◆ **EXERCISE REQUIREMENTS**
Leave the images behind and copy every record exactly.

◆ **DATASET CONTENT**
════════════════

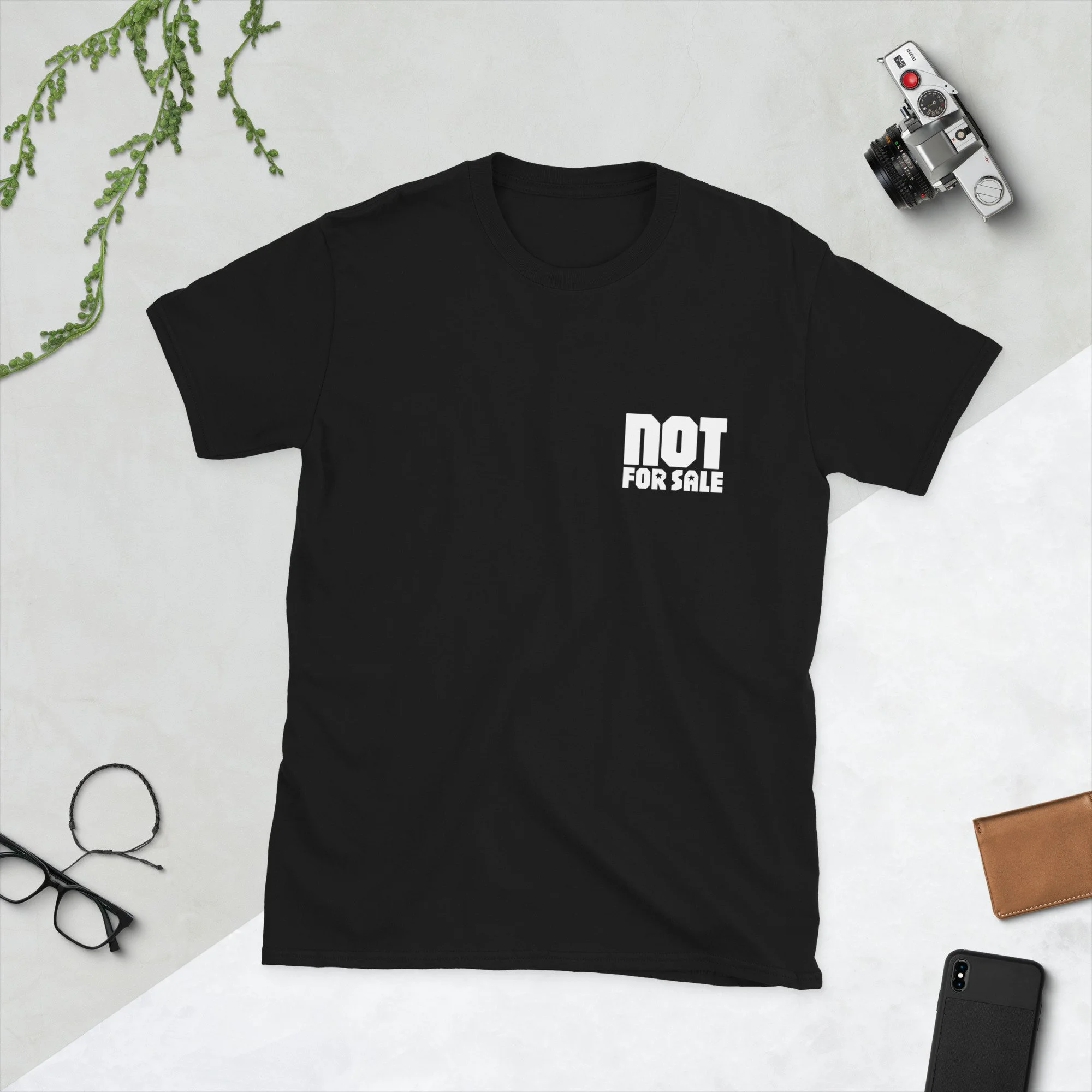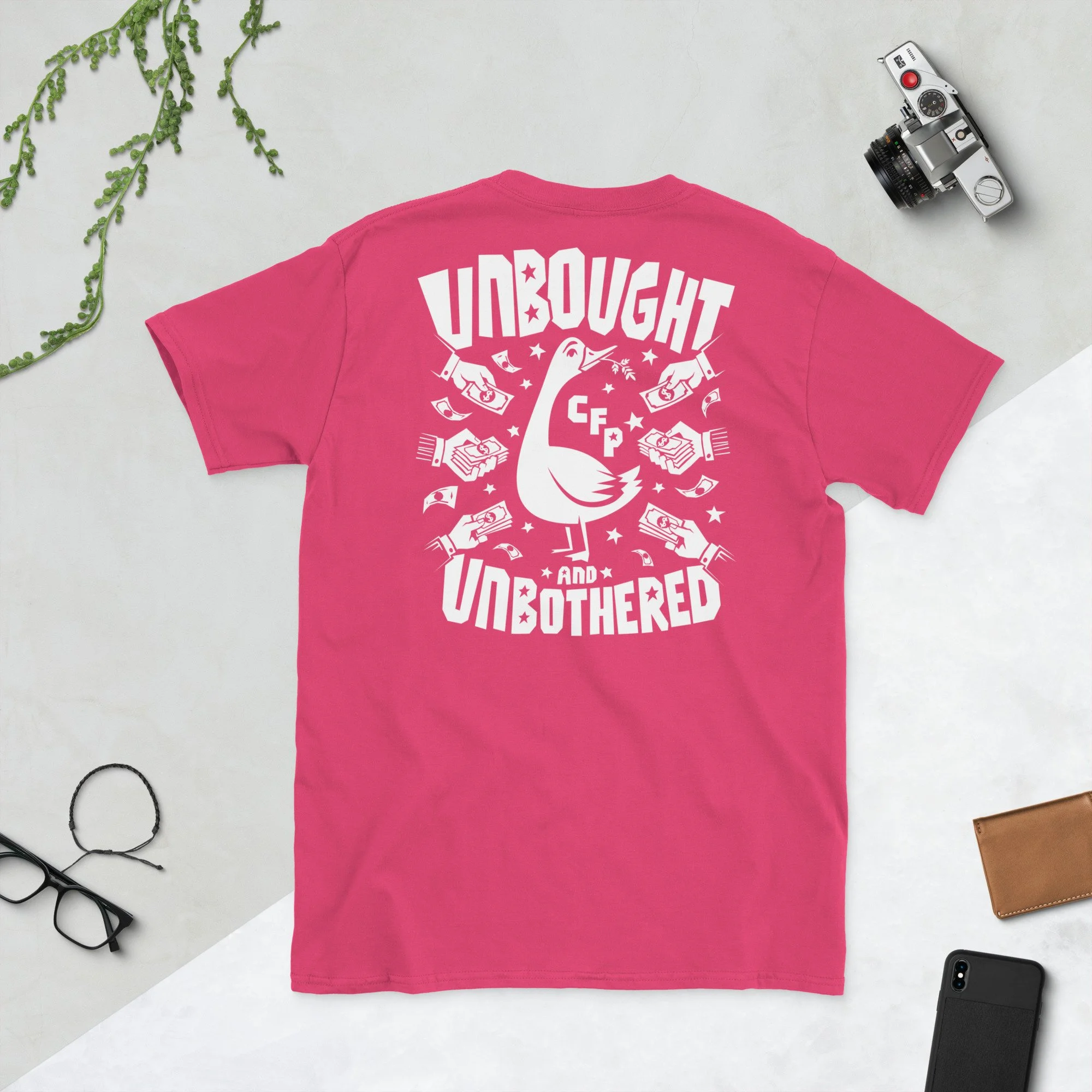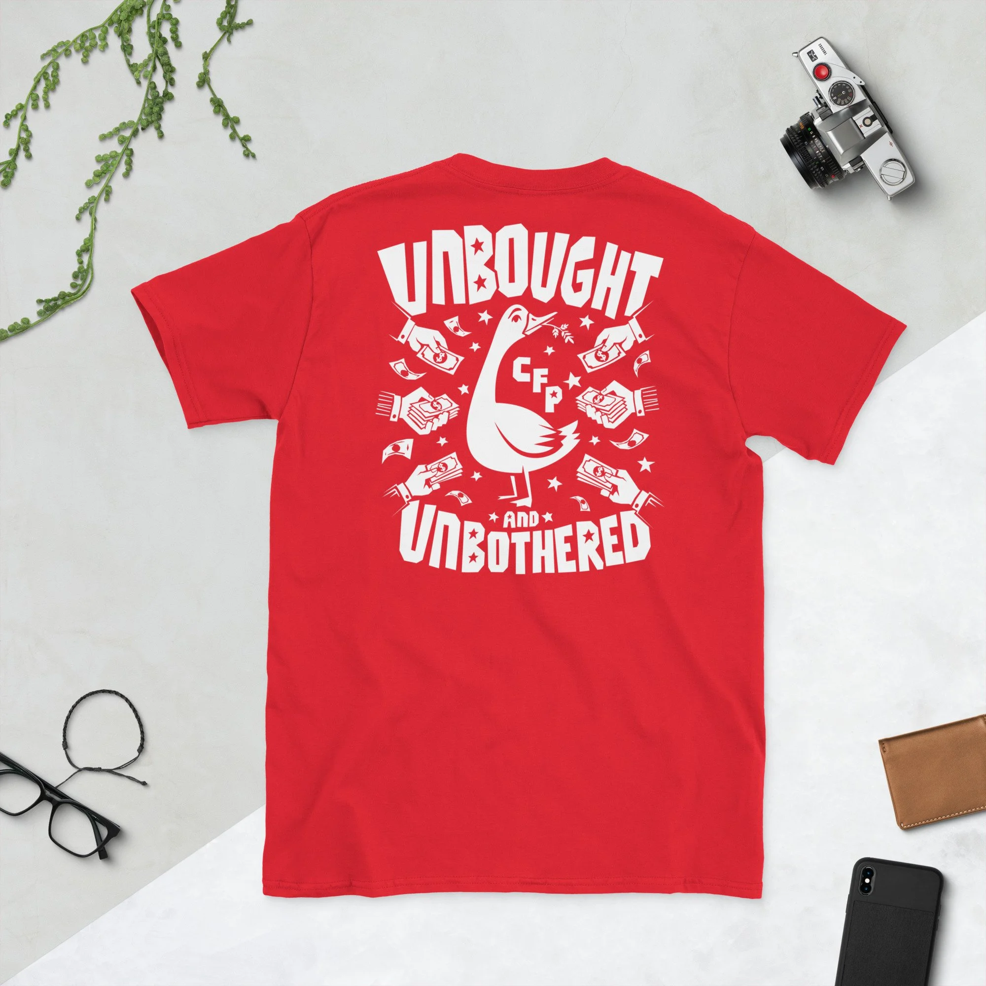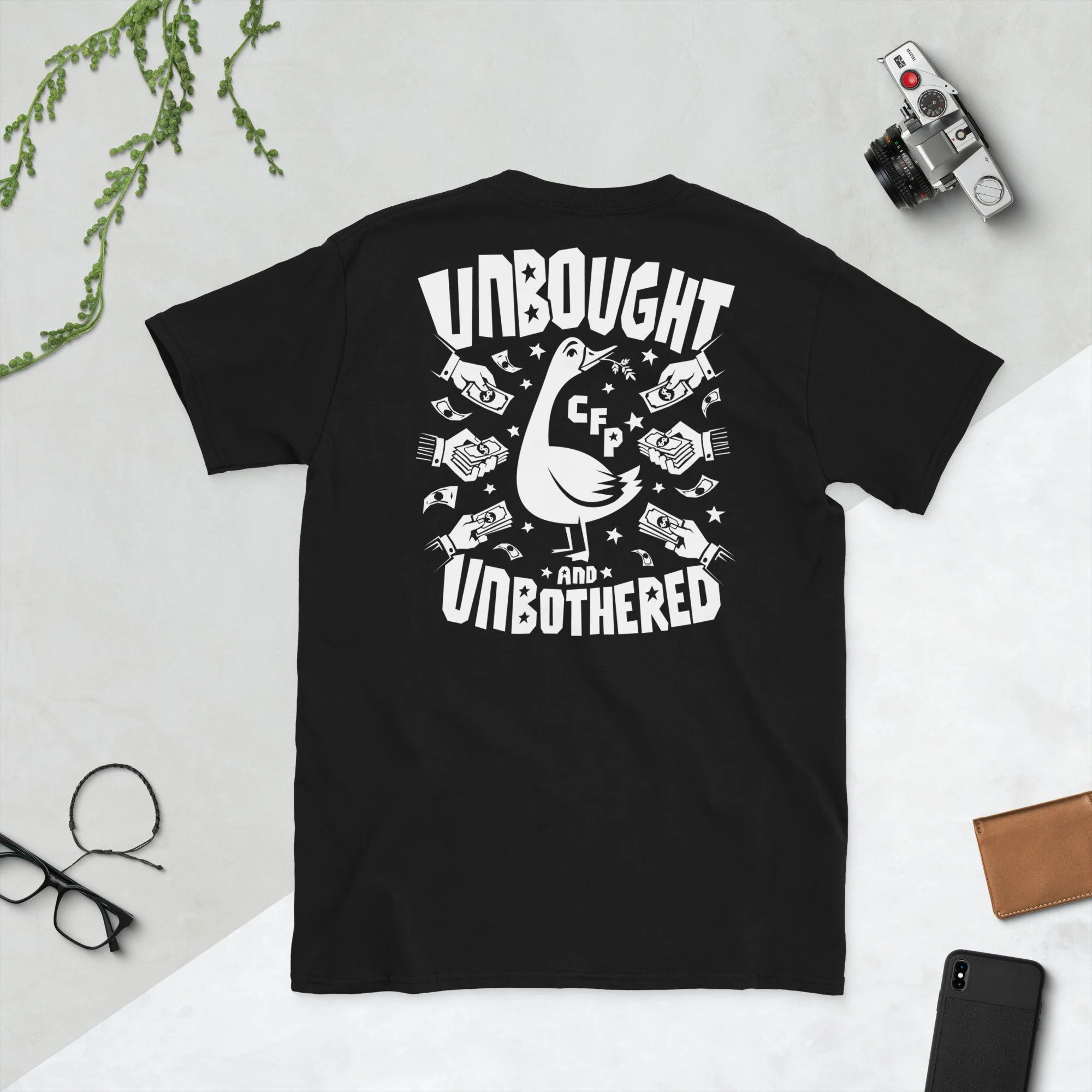 Unbought and Unbothered (double sided) Short-Sleeve Unisex T-Shirt. Your purchase of this tee, helps support the Community First Party! CFParty.org. This versions features 'NOT FOR SALE' on the front and the full 'UNBOUGHT AND UNBOTHERED' graphic on the back.
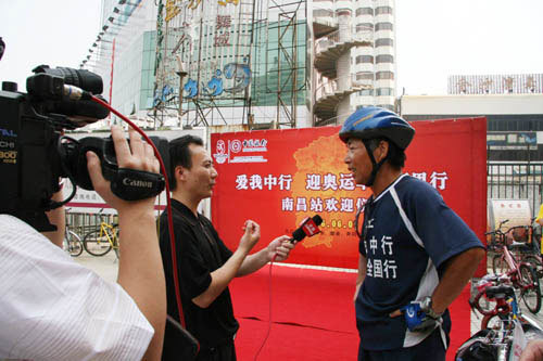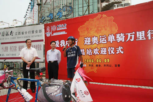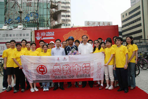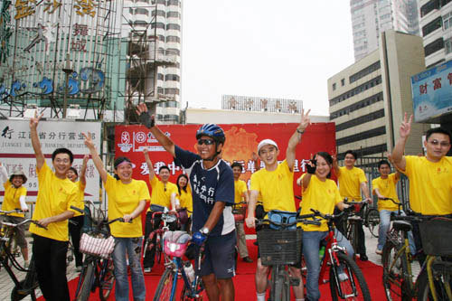 After that, a bicycle team of the branch, which is formed by young employees, go with Mr.Zhang making a round of Nanchang City promoting the Olympic spirit to local people. Furthermore, Mr. Zhang will continue to visit 10 districts inside Jiangxi Province on his bicycle.
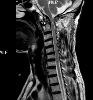59岁的患者黄先生1年前开始出现四肢麻木、乏力,并逐渐出现行走困难及大小便障碍,因其为低保户,经济困难,一直未正规治疗,后症状逐渐加重,入院前已经出现四肢无力以及大小便困难,收入我院骨科一区治疗。入院检查MR提示“寰枢椎脱位、椎管狭窄、脊髓受压”。
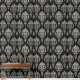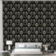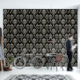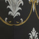 Een luxueus en damast patroon met ingewikkelde witte en gouden bloemmotieven op een zwarte achtergrond. Het ontwerp straalt een klassieke en verfijnde esthetiek uit, die vaak wordt aangetroffen in behang, textiel en hoogwaardige inrichting.
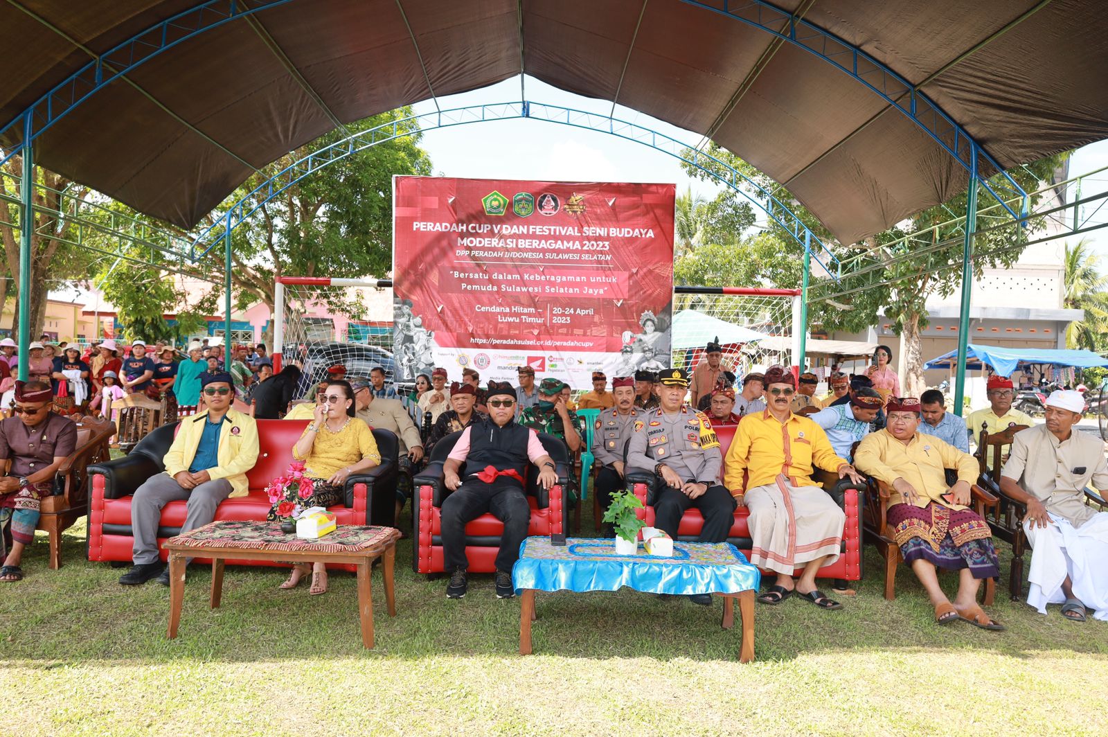 LUWU TIMUR – Bupati Luwu Timur, H. Budiman membuka Peradah Cup V dan Festival Seni Budaya Moderasi Beragama 2023 yang di ikuti seluruh DPP Peradah Indonesia Sulawesi Selatan, yang dipusatkan di Desa Cendana Hitam, Kecamatan Tomoni Timur, Kamis (20/04/2032).
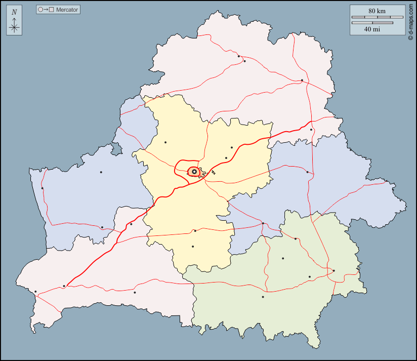 d-maps > यूरोप > बेलारूस > बेलारूस > बाह्यरेखा, क्षेत्रों, मुख्य शहरों, सड़कों, रंग

════════════════

◆ **RESPONSE TO THE EXERCISE**
 Unbought and Unbothered (double sided) Short-Sleeve Unisex T-Shirt. Your purchase of this tee, helps support the Community First Party! CFParty.org. This versions features 'NOT FOR SALE' on the front and the full 'UNBOUGHT AND UNBOTHERED' graphic on the back.
 After that, a bicycle team of the branch, which is formed by young employees, go with Mr.Zhang making a round of Nanchang City promoting the Olympic spirit to local people. Furthermore, Mr. Zhang will continue to visit 10 districts inside Jiangxi Province on his bicycle.
59岁的患者黄先生1年前开始出现四肢麻木、乏力,并逐渐出现行走困难及大小便障碍,因其为低保户,经济困难,一直未正规治疗,后症状逐渐加重,入院前已经出现四肢无力以及大小便困难,收入我院骨科一区治疗。入院检查MR提示“寰枢椎脱位、椎管狭窄、脊髓受压”。
 Een luxueus en damast patroon met ingewikkelde witte en gouden bloemmotieven op een zwarte achtergrond. Het ontwerp straalt een klassieke en verfijnde esthetiek uit, die vaak wordt aangetroffen in behang, textiel en hoogwaardige inrichting.
 LUWU TIMUR – Bupati Luwu Timur, H. Budiman membuka Peradah Cup V dan Festival Seni Budaya Moderasi Beragama 2023 yang di ikuti seluruh DPP Peradah Indonesia Sulawesi Selatan, yang dipusatkan di Desa Cendana Hitam, Kecamatan Tomoni Timur, Kamis (20/04/2032).
 d-maps > यूरोप > बेलारूस > बेलारूस > बाह्यरेखा, क्षेत्रों, मुख्य शहरों, सड़कों, रंग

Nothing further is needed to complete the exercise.